Task prompt
Retype the listing found below exactly, but leave out each picture.

START Provided data

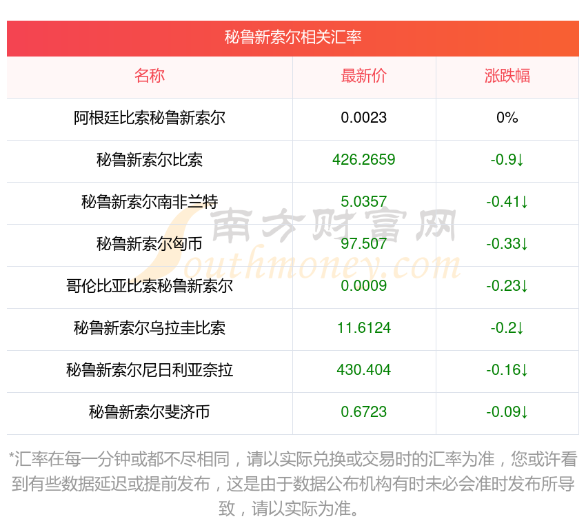 南方財富網(wǎng)為您提供秘魯新索爾對尼日利亞奈拉最新價格詳情。
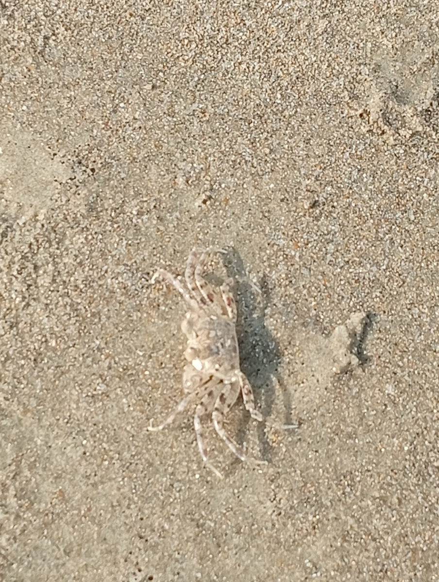 Сегодня на прогулке удалось сфотографировать убегавшего по песку краба. Обычно они бегают очень быстро и ныряют в песок, где они вырыли норы. Но в этот раз я закрыл нору ногой и ему не удалось удрать. После чего он замер и мне удалось сфоткать его. Правда он был маленький.
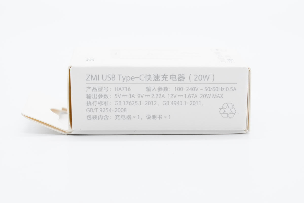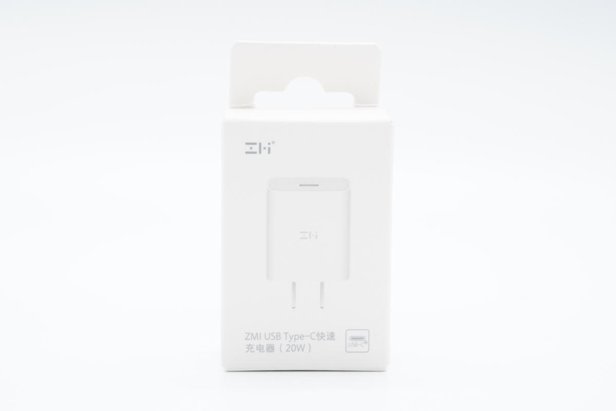 包装盒顶部带有挂钩设计,正面印有ZMI品牌、充电器外观图和名称、USB-C接口标识。
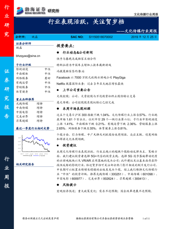 【渤海证券】【20191225】20191225-渤海证券-文化传媒行业周报:行业表现活跃,关注贺岁档-11页 行业研究

END Provided data

Output for this task
 南方財富網(wǎng)為您提供秘魯新索爾對尼日利亞奈拉最新價格詳情。
 Сегодня на прогулке удалось сфотографировать убегавшего по песку краба. Обычно они бегают очень быстро и ныряют в песок, где они вырыли норы. Но в этот раз я закрыл нору ногой и ему не удалось удрать. После чего он замер и мне удалось сфоткать его. Правда он был маленький.
 包装盒顶部带有挂钩设计,正面印有ZMI品牌、充电器外观图和名称、USB-C接口标识。
 【渤海证券】【20191225】20191225-渤海证券-文化传媒行业周报:行业表现活跃,关注贺岁档-11页 行业研究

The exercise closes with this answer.